AVAILABLE DATA –
==============================

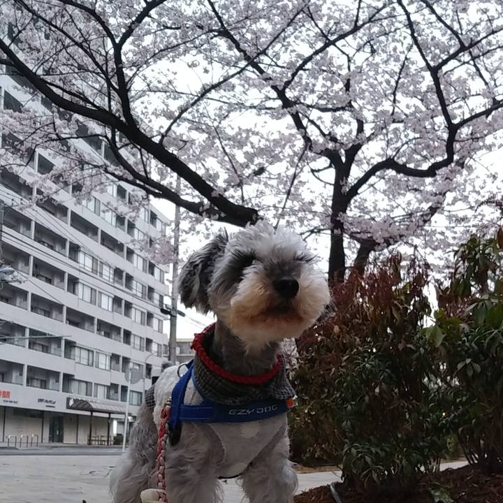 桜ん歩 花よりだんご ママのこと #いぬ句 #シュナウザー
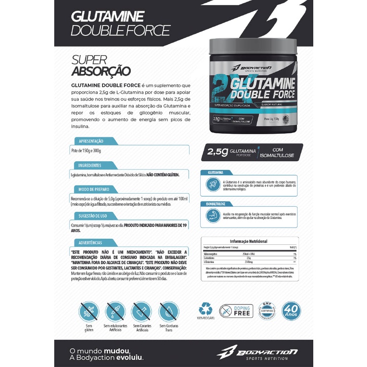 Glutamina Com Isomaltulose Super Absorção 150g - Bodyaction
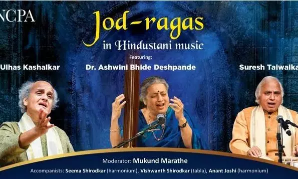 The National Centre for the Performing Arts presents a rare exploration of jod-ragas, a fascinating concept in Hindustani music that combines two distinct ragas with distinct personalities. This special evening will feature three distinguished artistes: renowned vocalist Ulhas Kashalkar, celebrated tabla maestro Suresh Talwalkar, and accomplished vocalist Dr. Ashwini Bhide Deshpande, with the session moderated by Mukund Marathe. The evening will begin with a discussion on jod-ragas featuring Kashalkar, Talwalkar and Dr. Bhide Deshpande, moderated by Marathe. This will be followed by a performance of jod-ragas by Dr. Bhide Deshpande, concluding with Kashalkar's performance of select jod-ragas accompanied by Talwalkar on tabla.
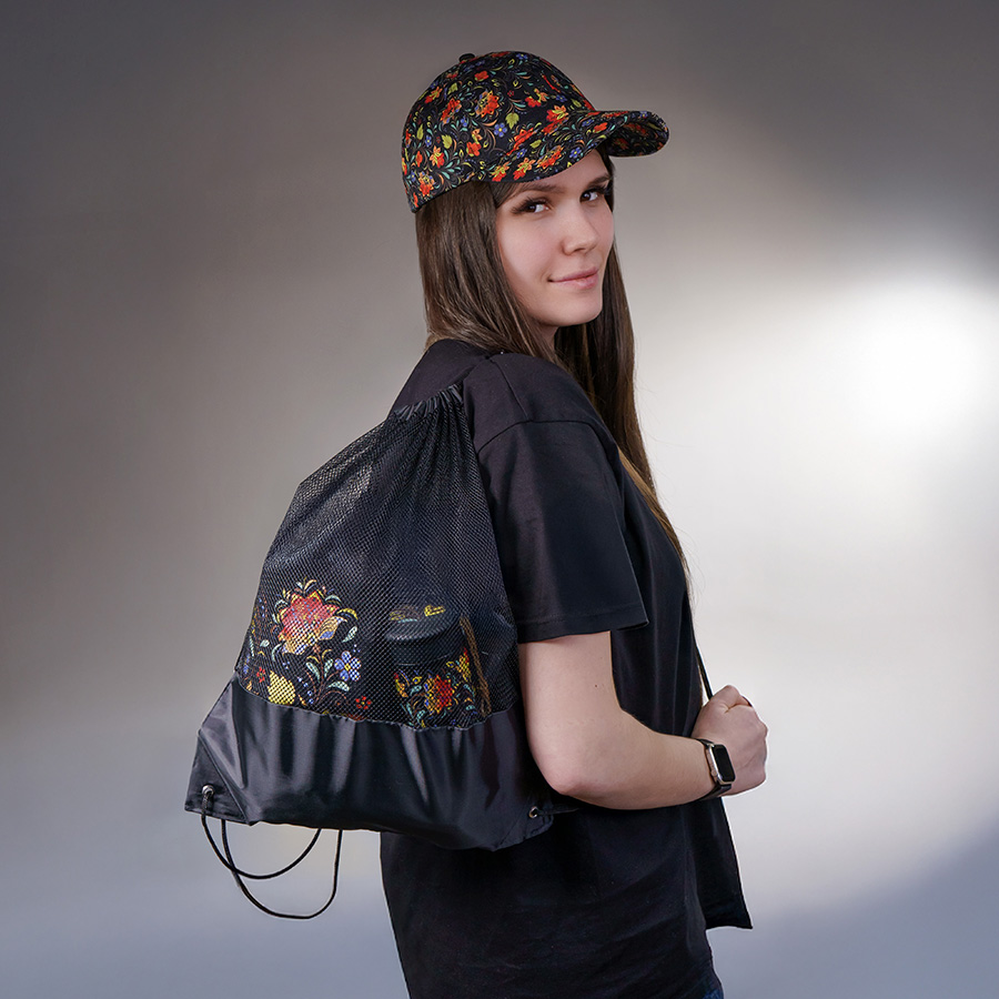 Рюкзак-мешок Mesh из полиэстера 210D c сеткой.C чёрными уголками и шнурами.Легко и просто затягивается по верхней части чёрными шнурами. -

==============================

What's needed is every line above, retyped exactly and free of pictures.

 桜ん歩 花よりだんご ママのこと #いぬ句 #シュナウザー
 Glutamina Com Isomaltulose Super Absorção 150g - Bodyaction
 The National Centre for the Performing Arts presents a rare exploration of jod-ragas, a fascinating concept in Hindustani music that combines two distinct ragas with distinct personalities. This special evening will feature three distinguished artistes: renowned vocalist Ulhas Kashalkar, celebrated tabla maestro Suresh Talwalkar, and accomplished vocalist Dr. Ashwini Bhide Deshpande, with the session moderated by Mukund Marathe. The evening will begin with a discussion on jod-ragas featuring Kashalkar, Talwalkar and Dr. Bhide Deshpande, moderated by Marathe. This will be followed by a performance of jod-ragas by Dr. Bhide Deshpande, concluding with Kashalkar's performance of select jod-ragas accompanied by Talwalkar on tabla.
 Рюкзак-мешок Mesh из полиэстера 210D c сеткой.C чёрными уголками и шнурами.Легко и просто затягивается по верхней части чёрными шнурами. -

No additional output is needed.